Stem-loop formation drives RNA folding in mechanical unzipping experiments

TL;DR

This study uses optical tweezers to measure RNA free energies and reveals that stem-loop formation significantly influences RNA folding pathways and hysteresis during mechanical unzipping experiments.

Contribution

It introduces a method to accurately derive RNA nearest-neighbor base pair energies and demonstrates the role of stem-loops in RNA folding dynamics.

Findings

Quantified RNA free energies with 0.1 kcal/mol precision.

Identified stem-loops as key kinetic traps in RNA folding.
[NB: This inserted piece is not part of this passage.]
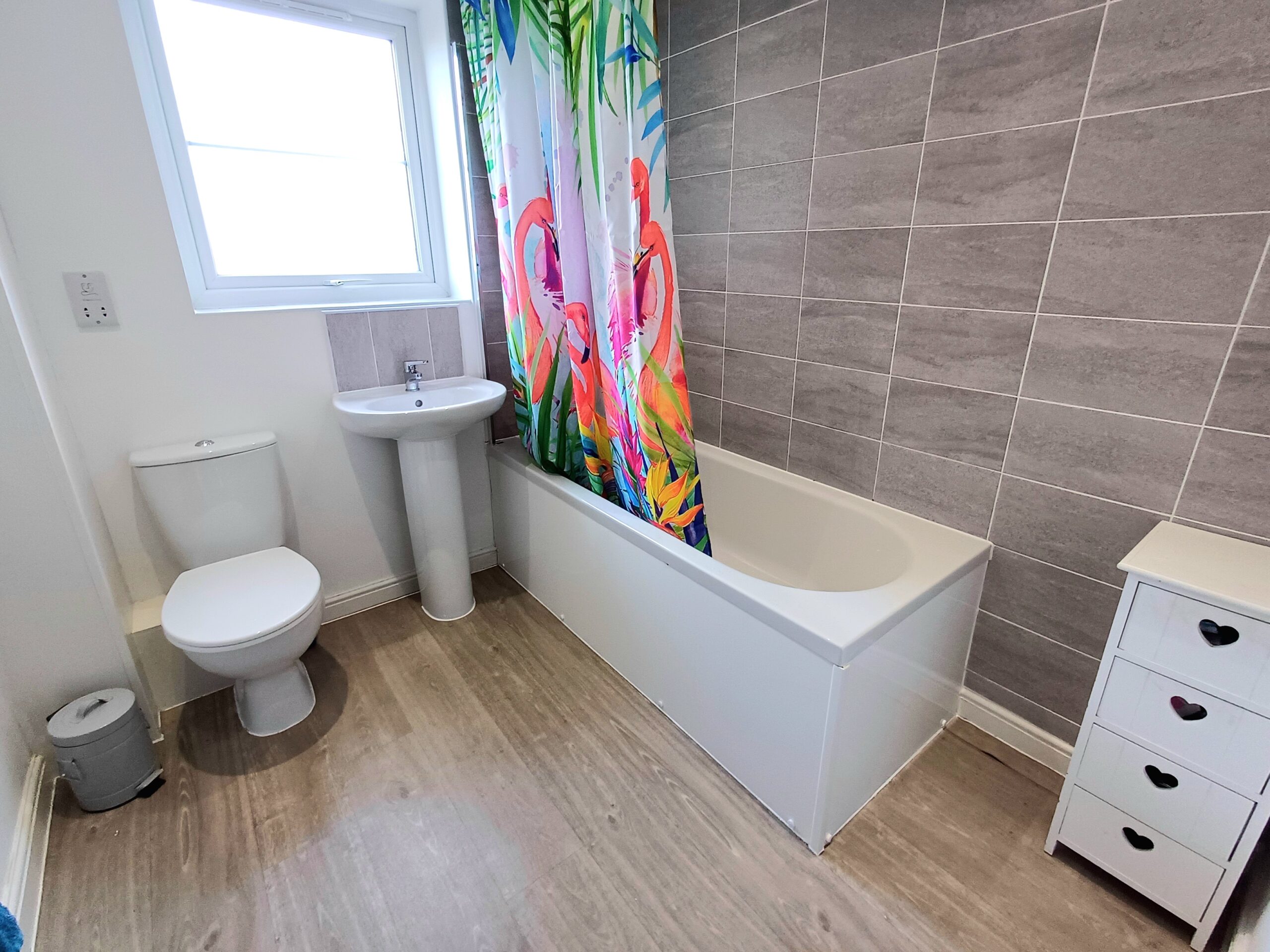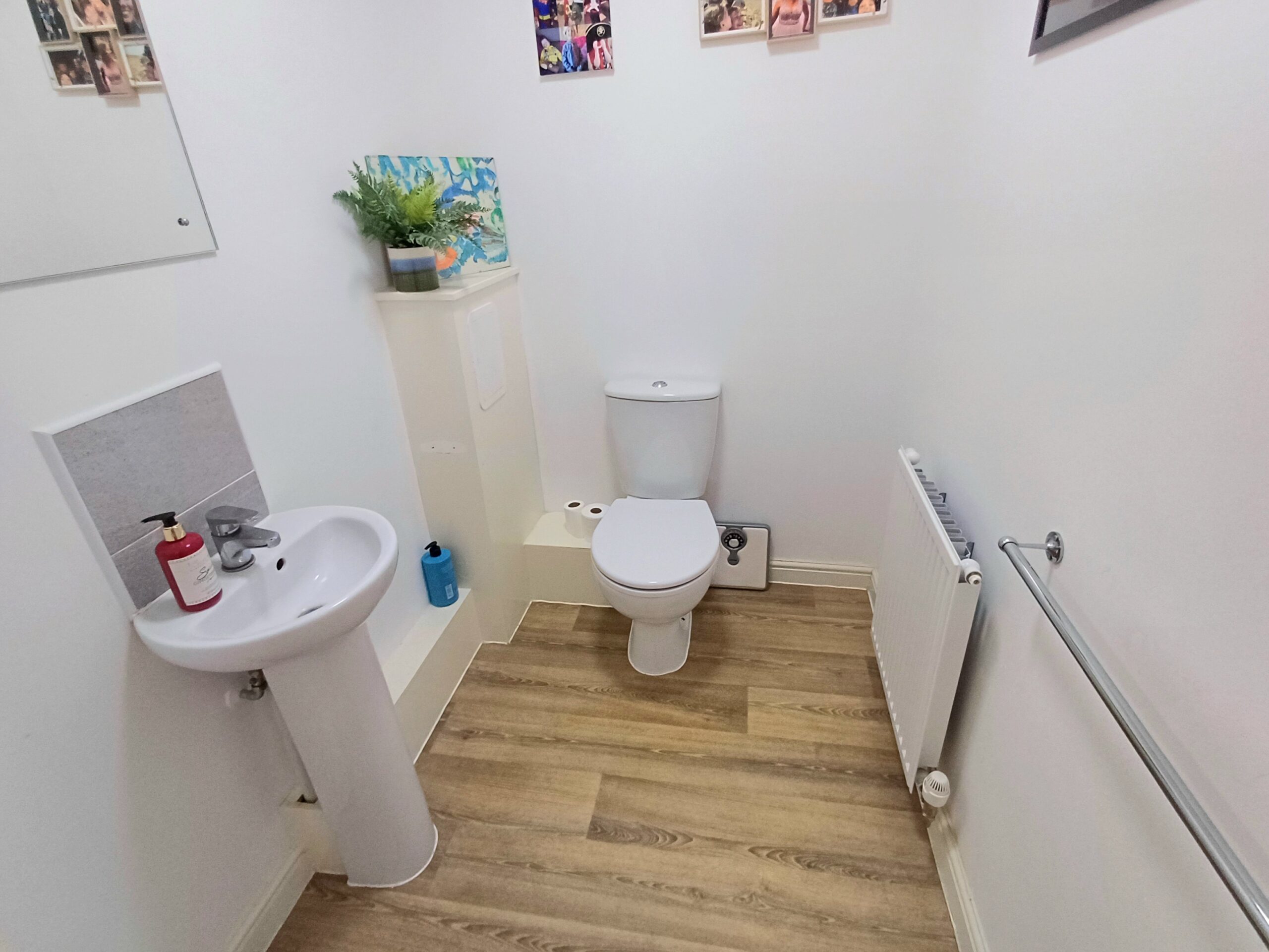 Low level WC, wash basin, radiator, wood effect flooring.

Showed equivalence of sodium and magnesium salt effects at the NNBP level.

Abstract

Accurate knowledge of RNA hybridization is essential for understanding RNA structure and function. Here we mechanically unzip and rezip a 2-kbp RNA hairpin and derive the 10 nearest-neighbor base pair (NNBP) RNA free energies in sodium and magnesium with 0.1 kcal/mol precision using optical tweezers. Notably, force-distance curves (FDCs) exhibit strong irreversible effects with hysteresis and several intermediates, precluding the extraction of the NNBP energies with currently available methods. The combination of a suitable RNA synthesis with a tailored pulling protocol allowed us to obtain the fully reversible FDCs necessary to derive the NNBP energies. We demonstrate the equivalence of sodium and magnesium free-energy salt corrections at the level of individual NNBP. To characterize the irreversibility of the unzipping-rezipping process, we introduce a barrier energy landscape of the stem-loop structures forming along the complementary strands, which compete against the formation of the native hairpin. This landscape correlates with the hysteresis observed along the FDCs. RNA sequence analysis shows that base stacking and base pairing stabilize the stem-loops that kinetically trap the long-lived intermediates observed in the FDC. Stem-loops formation appears as a general mechanism to explain a wide range of behaviors observed in RNA folding.